The place of residence is significant in HRA calculation as for a metro the tax exemption for HRA is 50% of the basic salary while for non-metros it is 40% of the basic salary. This holds true especially when you work at a metro and reside at a non-metro. In this case, your city of residence only will be considered for calculating your HRA.


3. Can I pay rent to my parents or spouse to avail HRA benefits?


You can pay rent to your parents, however, they need to account for the same under’Income from House property’ and will be entitled to pay tax for the same.


On the other hand, you cannot pay rent to your spouse. In view of the relationship when you take up residence together, you are expected to do so and hence such a transaction does not bear merit under tax laws. Sham transactions can only spell trouble under scrutiny, so steer clear of these.


4. Do I need to submit any proof for my HRA claim?


You need to submit proof of rent paid through rent receipts, for which only two need to be submitted, one for the beginning of the year and one towards the end of the financial year. It should have a one rupee revenue stamp affixed with the signature of the person who has received the rent, along with other details such as the rented residence address, rent paid, name of the person who rents it etc.


4.How do I calculate my HRA?


To figure out how much HRA exemption you are eligible for, consider these three values which includes:


a. The actual rent allowance the employer provides you as part of your salary,


b. the actual rent you pay for your house from which 10% of your basic pay is deducted,


c. 50% of your basic salary when you reside in a metro or 40% if you reside in a non-metro.


The least value of these three values is allowed as tax exemption on your HRA. You can discuss restructuring your pay structure with your employer in order to avail the most of your HRA tax benefit.


Here is a sample illustration for your understanding:


Sunitha earns a basic salary of Rs 40,000 per month and rents an apartment in Delhi for Rs 20,000 per month (hence eligible for a 50% of the basic pay for HRA exemption). The actual HRA she receives is Rs 25,000.


These values are considered to find out her HRA tax exemption:


a. Actual HRA received, i.e. Rs 25,000,


b. 50% of the basic salary, i.e. Rs 20,000, and


c. Excess of rent paid over 10% of salary, i.e. Rs 20,000 – Rs 4,000 = Rs 16,000


The value considered for her actual HRA exemption will be the least value of the above figures. Hence, the taxable HRA amount for Sunitha per month will be Rs. 25,000 – 16,000 (available HRA deduction) = Rs. 9,000.


5. Can I simultaneously avail tax benefits on my home loan and HRA?

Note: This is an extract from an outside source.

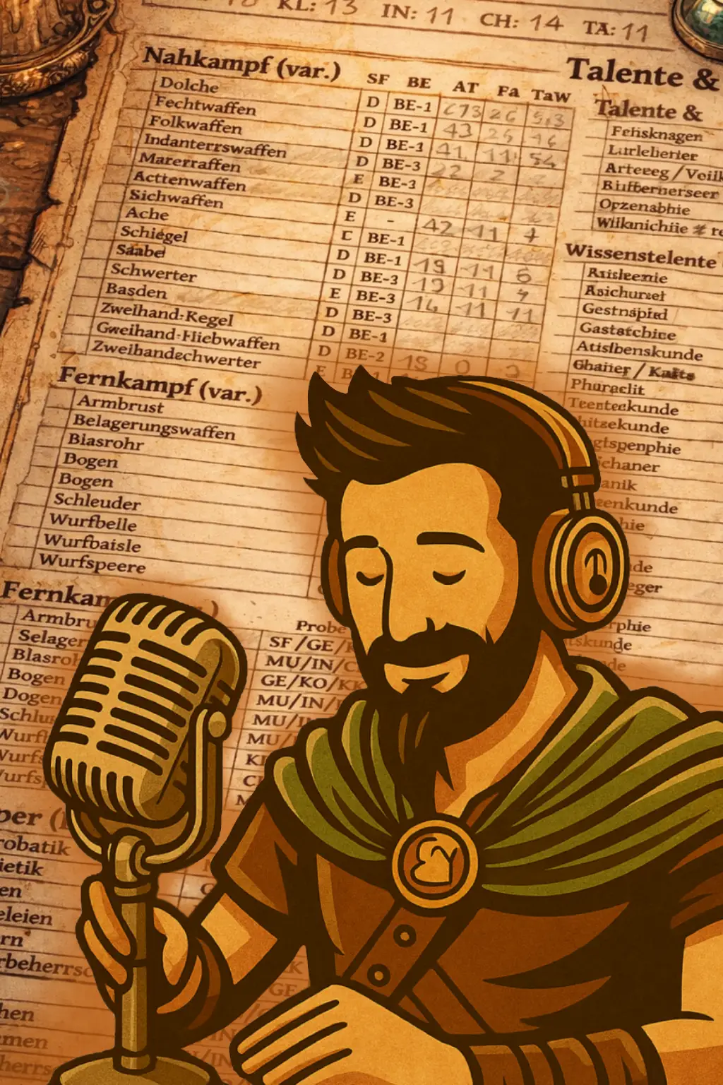 In der neuen Folge von Der Rollenspieler geht es um Talente, Fertigkeiten und den stetig wachsenden Berg an Werten auf unseren Charakterbögen. Welche Talente werden am Spieltisch tatsächlich genutzt, welche bleiben ungewürfelt und warum landet man irgendwie immer wieder bei Wahrnehmungsproben? Ausgehend von einer Spielrunde in der Borbaradkampagne, werfe ich einen Blick auf die praktische Relevanz von Talenten im laufenden Spiel.

The tax benefits for home loan and HRA are two separate entities and have no direct bearing on each other. As long as you are paying rent for an accommodation, you can claim tax benefits on the HRA component of your salary, while also availing tax benefits on your home loan. This could be the case if your own home is rented out or you work from another city etc. However, you need to account for any rental income you receive from the property you own under income from other sources.